From the line containing "Ответ на задание" to the line containing "Huset har et" in the records below, set down every line exactly as it stands, both ends included, and skip the pictures.

--- The input Enclosed Below ---

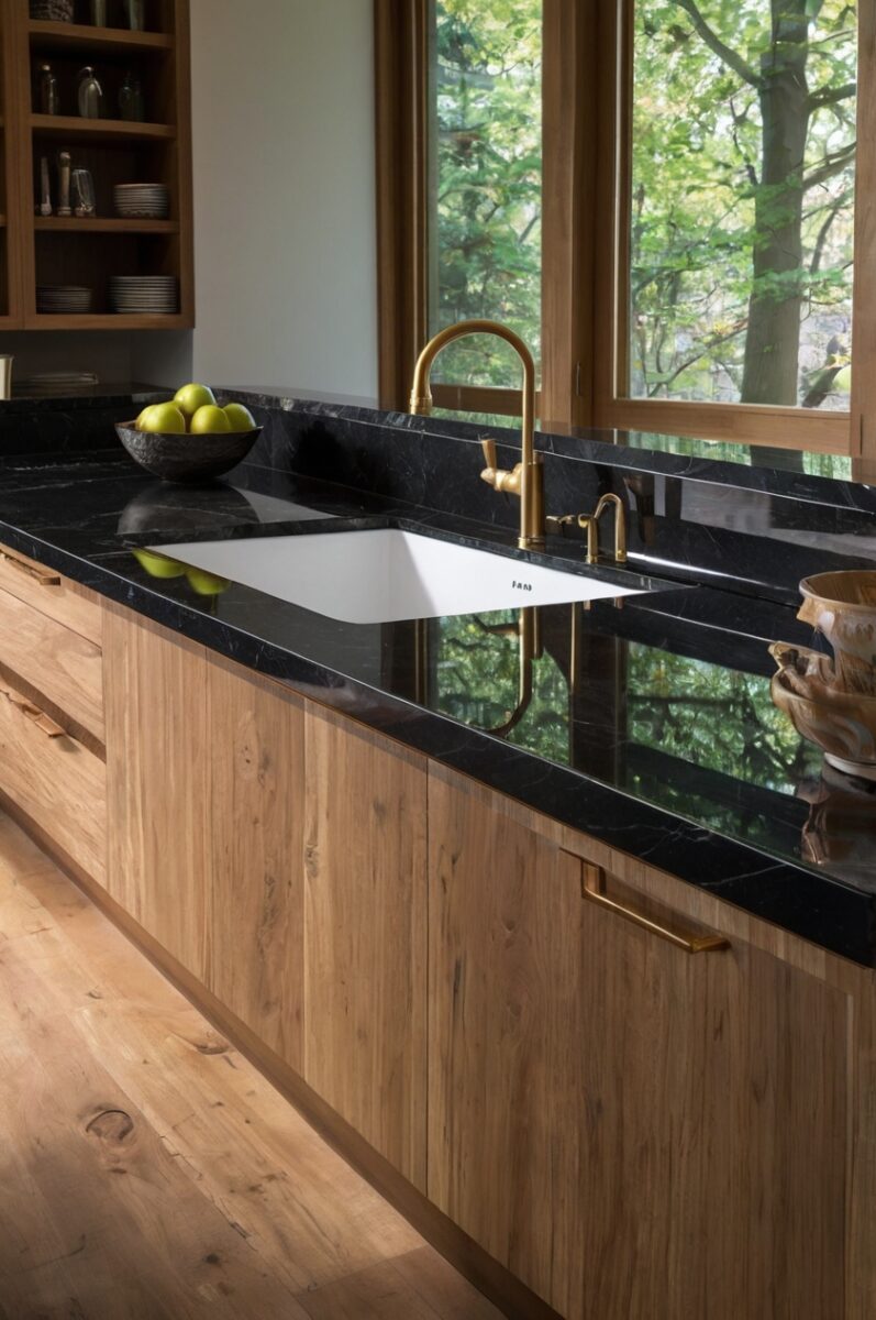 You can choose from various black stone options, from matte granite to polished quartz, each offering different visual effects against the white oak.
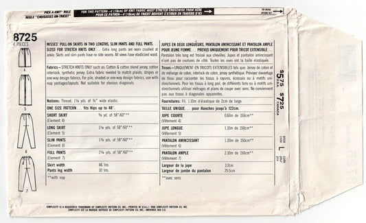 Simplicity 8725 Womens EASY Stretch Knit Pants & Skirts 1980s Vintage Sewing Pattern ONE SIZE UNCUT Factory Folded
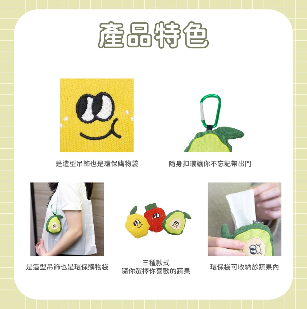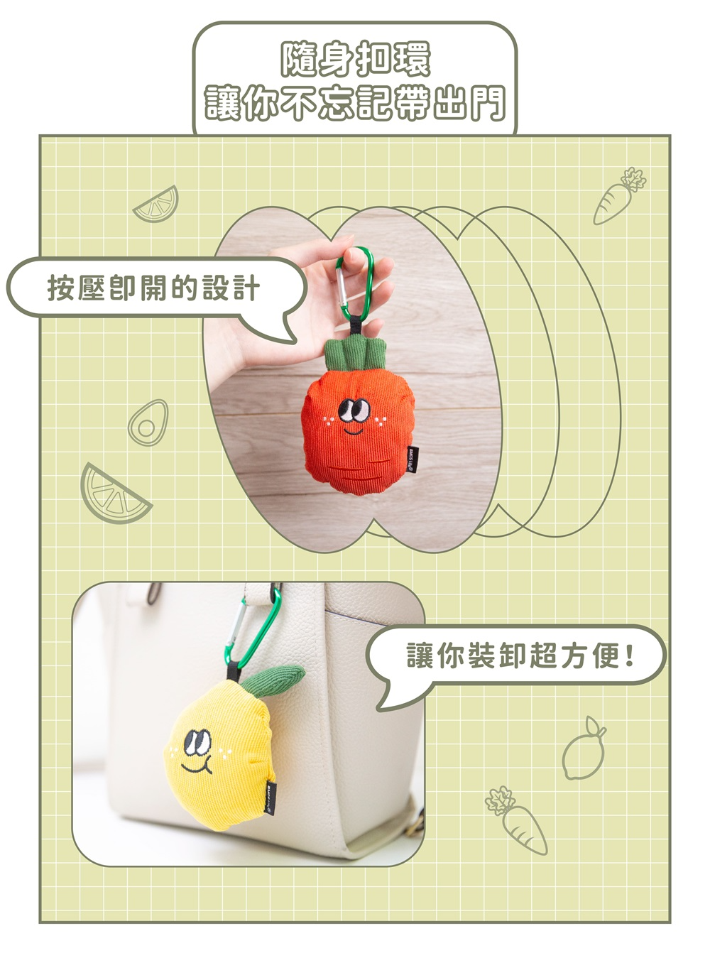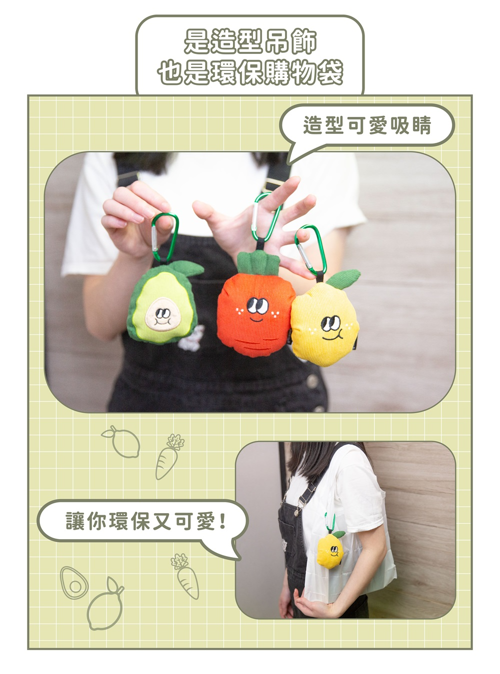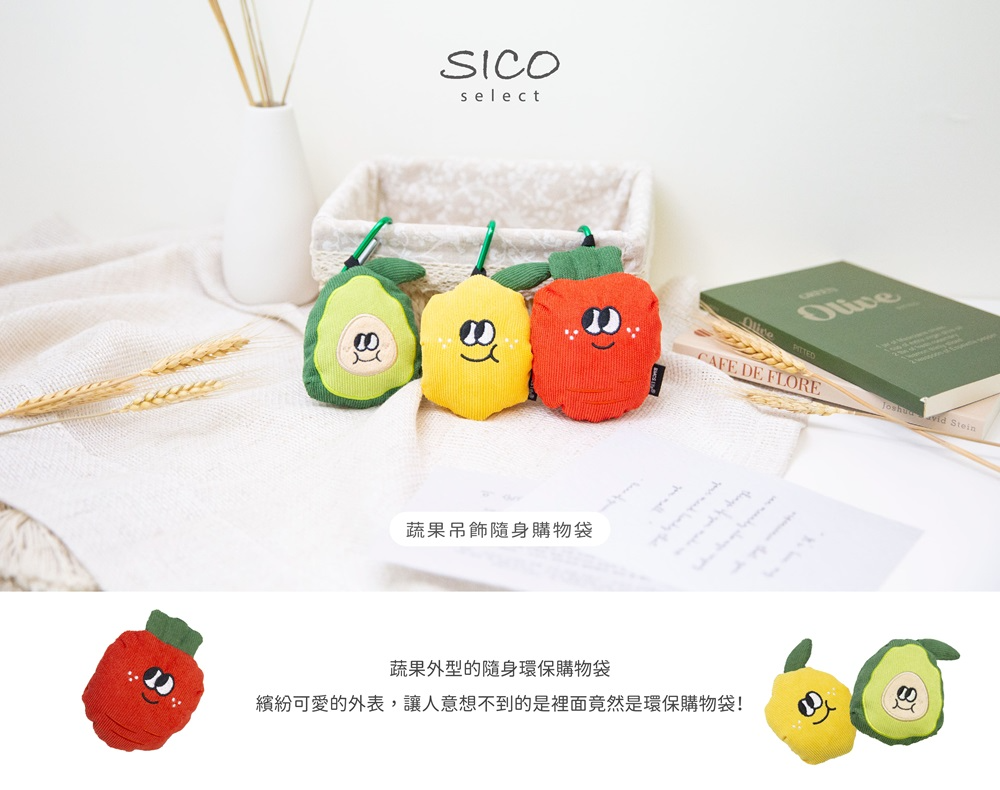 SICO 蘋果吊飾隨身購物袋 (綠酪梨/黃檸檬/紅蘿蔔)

--- End of Enclosed The input ---
--- The input Enclosed Below ---

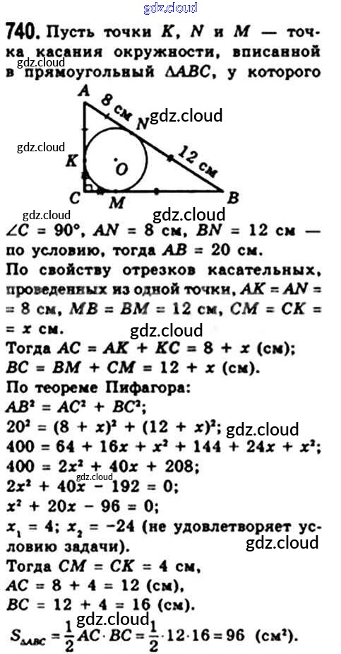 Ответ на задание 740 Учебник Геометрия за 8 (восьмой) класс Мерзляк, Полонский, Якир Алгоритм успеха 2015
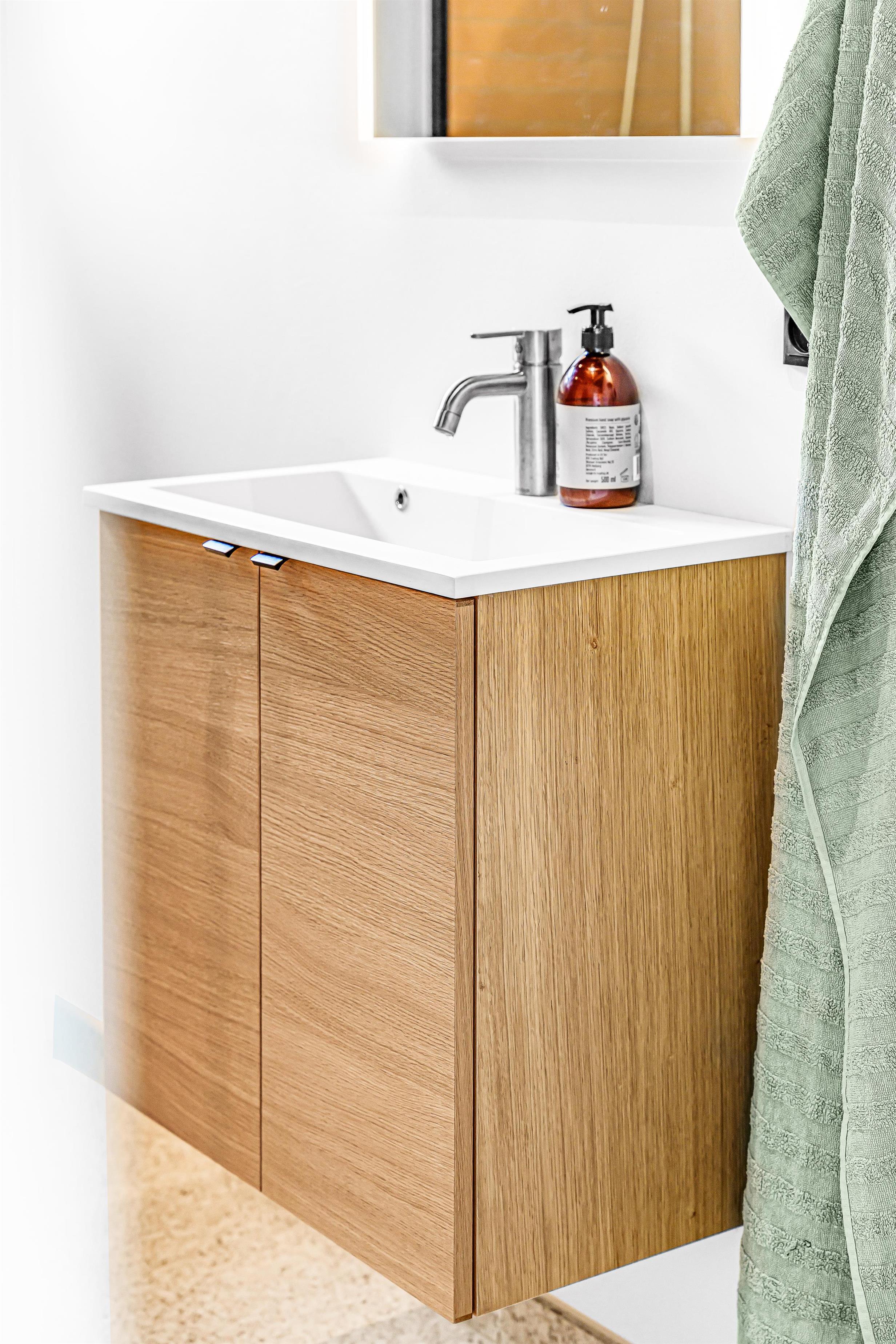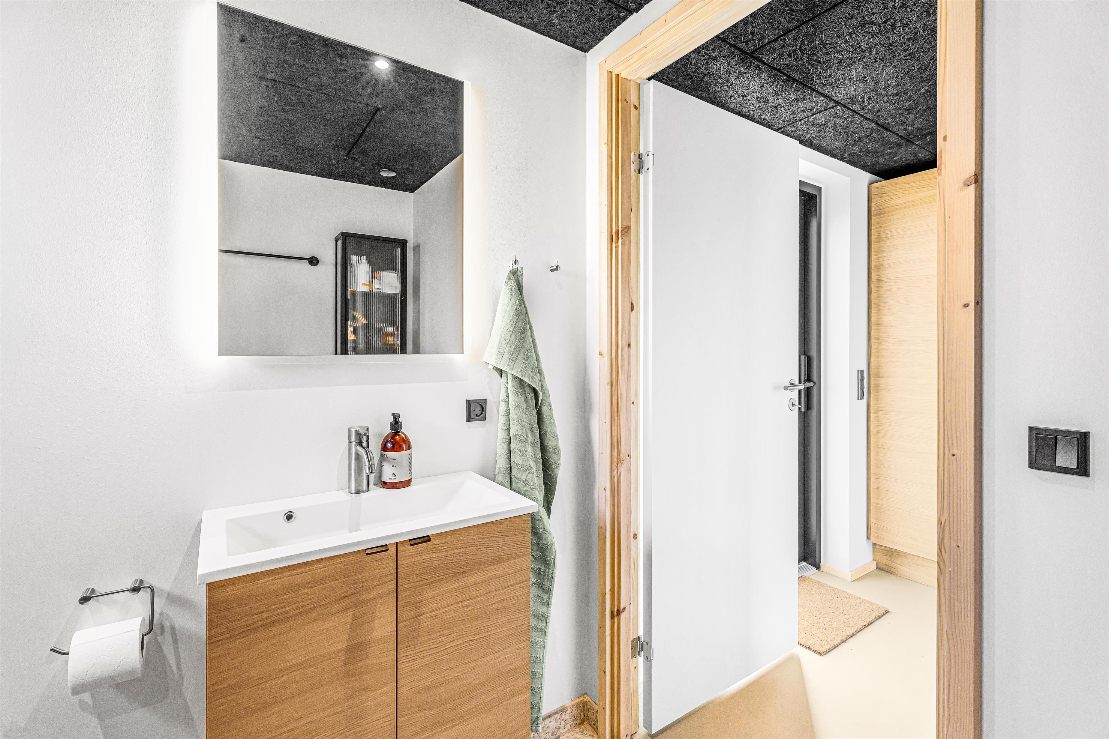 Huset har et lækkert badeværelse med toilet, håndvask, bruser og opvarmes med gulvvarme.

--- End of Enclosed The input ---
--- The input Enclosed Below ---

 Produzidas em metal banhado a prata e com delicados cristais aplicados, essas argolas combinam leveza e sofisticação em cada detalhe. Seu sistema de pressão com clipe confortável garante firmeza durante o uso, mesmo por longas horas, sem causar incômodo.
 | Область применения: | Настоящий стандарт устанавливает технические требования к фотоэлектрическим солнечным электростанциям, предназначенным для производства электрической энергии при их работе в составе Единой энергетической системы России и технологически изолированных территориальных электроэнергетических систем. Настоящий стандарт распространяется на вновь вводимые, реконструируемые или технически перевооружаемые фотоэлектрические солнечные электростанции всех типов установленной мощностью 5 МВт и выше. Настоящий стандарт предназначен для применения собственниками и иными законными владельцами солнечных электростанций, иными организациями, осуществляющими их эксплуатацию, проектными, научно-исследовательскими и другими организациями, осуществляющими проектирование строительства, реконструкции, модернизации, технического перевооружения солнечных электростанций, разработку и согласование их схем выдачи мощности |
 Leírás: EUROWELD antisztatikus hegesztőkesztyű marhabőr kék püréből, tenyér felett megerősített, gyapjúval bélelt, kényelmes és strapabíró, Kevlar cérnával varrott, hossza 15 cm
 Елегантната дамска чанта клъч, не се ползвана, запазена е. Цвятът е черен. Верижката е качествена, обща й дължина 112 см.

--- End of Enclosed The input ---

■ **Result of this exercise**:
 Ответ на задание 740 Учебник Геометрия за 8 (восьмой) класс Мерзляк, Полонский, Якир Алгоритм успеха 2015
 Huset har et lækkert badeværelse med toilet, håndvask, bruser og opvarmes med gulvvarme.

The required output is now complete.